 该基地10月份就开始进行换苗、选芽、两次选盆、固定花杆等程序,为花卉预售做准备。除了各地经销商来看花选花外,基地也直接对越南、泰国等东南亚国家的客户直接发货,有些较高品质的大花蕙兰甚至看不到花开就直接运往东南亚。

---

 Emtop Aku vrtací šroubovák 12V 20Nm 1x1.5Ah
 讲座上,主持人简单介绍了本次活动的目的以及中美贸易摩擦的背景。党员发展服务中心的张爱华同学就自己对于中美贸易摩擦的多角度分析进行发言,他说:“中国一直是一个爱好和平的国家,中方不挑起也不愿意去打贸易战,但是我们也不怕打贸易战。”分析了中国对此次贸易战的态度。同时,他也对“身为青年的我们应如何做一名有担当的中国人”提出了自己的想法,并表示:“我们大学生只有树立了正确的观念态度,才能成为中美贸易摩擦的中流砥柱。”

==

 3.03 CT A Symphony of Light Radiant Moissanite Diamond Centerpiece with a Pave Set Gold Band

» **Task to carry out**:
From the records above, give again exactly the lines running from the line with "Emtop Aku vrtací šroubovák 12V 20Nm 1x1.5Ah" to the line with "讲座上,主持人简单介绍了本次", inclusive.

» **Output**:
 Emtop Aku vrtací šroubovák 12V 20Nm 1x1.5Ah
 讲座上,主持人简单介绍了本次活动的目的以及中美贸易摩擦的背景。党员发展服务中心的张爱华同学就自己对于中美贸易摩擦的多角度分析进行发言,他说:“中国一直是一个爱好和平的国家,中方不挑起也不愿意去打贸易战,但是我们也不怕打贸易战。”分析了中国对此次贸易战的态度。同时,他也对“身为青年的我们应如何做一名有担当的中国人”提出了自己的想法,并表示:“我们大学生只有树立了正确的观念态度,才能成为中美贸易摩擦的中流砥柱。”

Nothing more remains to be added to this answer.